A multi-million dollar renewable energy project on Stewart Island/Rakiura is facing delays because of land access issues.
Building a pair of turbines hav been proposed at either the island’s airport or Mamaku Point, but now council staff are looking for a potential third option.
Now-departed Southland District Council chief executive Steve Ruru flagged land access issues as early as December last year.
The council has a funding agreement with the Ministry of Business Innovation and Employment for the $3.2 million project.
The island currently uses diesel generators for about 400 residents.
In March, council committee members contracted consultants Roaring 40s Wind Power for the wind turbines project.

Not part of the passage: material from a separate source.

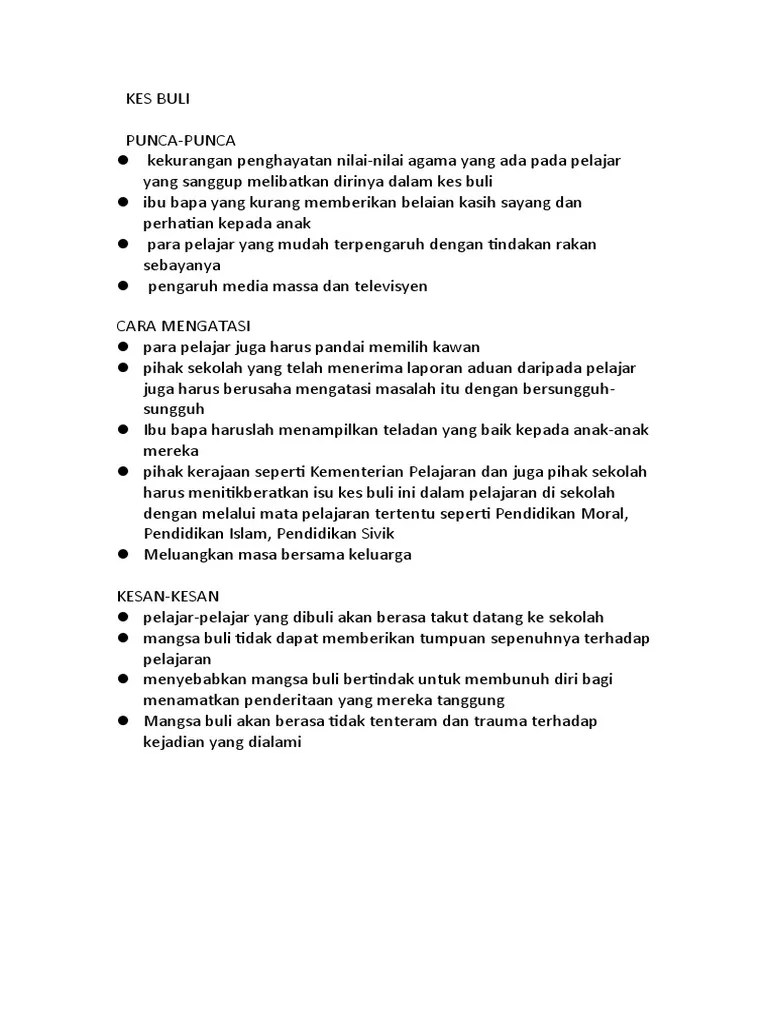 Punca Kes Buli / Gejala Buli Punca Dan Cara Mengatasi Pdf. Contoh karangan punca dan cara mengatasi budaya buli dalam kalangan pelajar sekolah. Memang tidak boleh dinafikan bahawa dewasa ini, kes buli yang berlaku di sekolah semakin berleluasa dan . Antara punca berlakunya budaya buli : Melihat angka itu sahaja pasti amat membimbangkan ibu bapa serta membuatkan ramai pelajar menjadi takut untuk ke sekolah. Media massa menyiarkan drama atau filem yang memaparkan aksi pergaduhan yang berbahaya dan ini .

A report by council commercial infrastructure manger Ashby Brown in March says that “pre-development phase” could cost $490,000, and the Provincial Growth Fund will provide $530,000 in stages.
However, a report presented to the Stewart Island/Rakiura Community Board on Monday by executive assistance Carolyn Davies says the project was now off-track because of land access issues.
Brown says the land council wants access to at Mamaku Point is privately owned, and the land near the airport is a mix of private and public land near
The current delays have no bearing on the amount of turbines to be built and are not because of any one site or landowner, he says.
“The timeframe [for a resolution] is highly dependent on the success of engagement with those landowners, so it’s not possible to predict when a resolution will be reached.”
Of the $530,000 from the PGF, $37,000 has been spent so far on design, supporting landowner discussions, planning, and consideration and analysis of viability of a third turbine site, Brown says.
Issues accessing the land were flagged by Ruru in December 2019, who said at the time there had been landowner and other stakeholder opposition to the proposal.
Wind generation could reduce the use of diesel by up to 40 per cent, he said.
Stewart Island/Rakiura councillor Bruce Ford supported the turbines but said saving about $160,000 a year on diesel had to be weighed against the $3m project and maintenance costs.
However, there was a lot of support on the island for renewable energy, he said.
The development stage of the project had $2.7 million allocated to it.